Now Luke turns to a severe persecution of two of the Jerusalem church leaders -- James and Peter. The pressure for the persecution begins with the Jewish leaders, no doubt, but the main player is Herod Agrippa, grandson of Herod the Great.
Where Herod Agrippa I fits in with the rest of the Herodian Dynasty. Larger chart.
Herod Agrippa I, considered the bad sheep of the Herodian family, became one of the dynasty's most powerful kings. Growing up in Rome, he becomes friends with several powerful men who become emperor and falls in and out of favor. Beginning in 37 AD, his lands grow rapidly to include Galilee, Samaria, Judea, and considerably more. At his death in 44 AD, Herod Agrippa is one of the most powerful kings of the east and rules over a similar amount of territory as had his grandfather Herod the Great.438
Herod Agrippa is better liked by the Jews than the other Herods, probably because he is zealous for Judaism. For example, he sought to prevent Emperor Caligula (ruled 37-41 AD) from setting up his statue in the temple in Jerusalem. But he appears to history as a self-serving scoundrel and opportunist. To gain favor with the Jews, he begins a persecution of the church in Jerusalem.
"1 It was about this time that King Herod arrested some who belonged to the church, intending to persecute them. 2 He had James, the brother of John, put to death with the sword." (Acts 12:1-2)
There are three prominent men named James in the New Testament --
- The Apostle James, one of the sons of Zebedee (referred to here);
- James the half-brother of Jesus, who assumes leadership in the Jerusalem church and wrote the Letter of James in our New Testament; and
- James the son of Alphaeus, another of the original 12 apostles.
James the Son of Zebedee is a fisherman, one of Jesus' earliest disciples, and along with his sibling John the Apostle, these brothers are known as the "Sons of Thunder." He is one of Jesus' inner circle -- Peter, James, and John -- who are witnesses to the raising of Jairus' daughter, the Transfiguration, and Jesus' agony in the Garden of Gethsemane.439 James and his brother John (and their mother, probably Salome) request Jesus to sit on his right and left hands in the Kingdom,440 and want to call down fire on an uncooperative Samaritan village.441
We're not sure of the exact date of James' execution. Herod Agrippa takes power east of Galilee in 38 AD and is named King of Judea by the Roman Emperor in 41 AD. This execution apparently takes place in Jerusalem. As king, Agrippa is not bound by the rules the Romans placed on the Jewish Sanhedrin limiting use of the death penalty. By killing James and Peter, Agrippa is seeking to decapitate the church's leadership -- literally -- and severely cripple the growing Christian movement. The Jewish leaders, who have probably put him up to it, are no doubt delighted by Herod Agrippa taking up their cause.

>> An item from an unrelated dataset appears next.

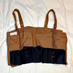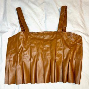 Brown Faux Leather Set the Scene Pleated Crop Tank Top
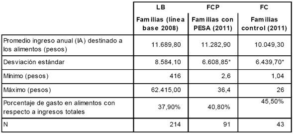 Al comparar las familias con PESA (FCP) y familias control (FC) no se hallaron diferencias estadísticamente significativas entre las desviaciones estándar ni en las medias (1- = 0,95). Esto quiere decir que ambos grupos destinan una proporción similar de los ingresos anuales para la compra de alimentos.

It's ironic that these two brothers, James and John, include both the first apostolic martyr and the only apostle to escape martyrdom. The Apostle John is reputed to have lived to nearly the close of the first century and died at a great age.
James is executed with applause from the Jewish leaders. So Herod continues his attack by targeting the Jerusalem church's most celebrated leader: Simon Peter.
"3 When he saw that this pleased the Jews, he proceeded to seize Peter also. This happened during the Feast of Unleavened Bread. 4 After arresting him, he put him in prison, handing him over to be guarded by four squads of four soldiers each. Herod intended to bring him out for public trial after the Passover.442 5 So Peter was kept in prison, but the church was earnestly praying443 to God for him."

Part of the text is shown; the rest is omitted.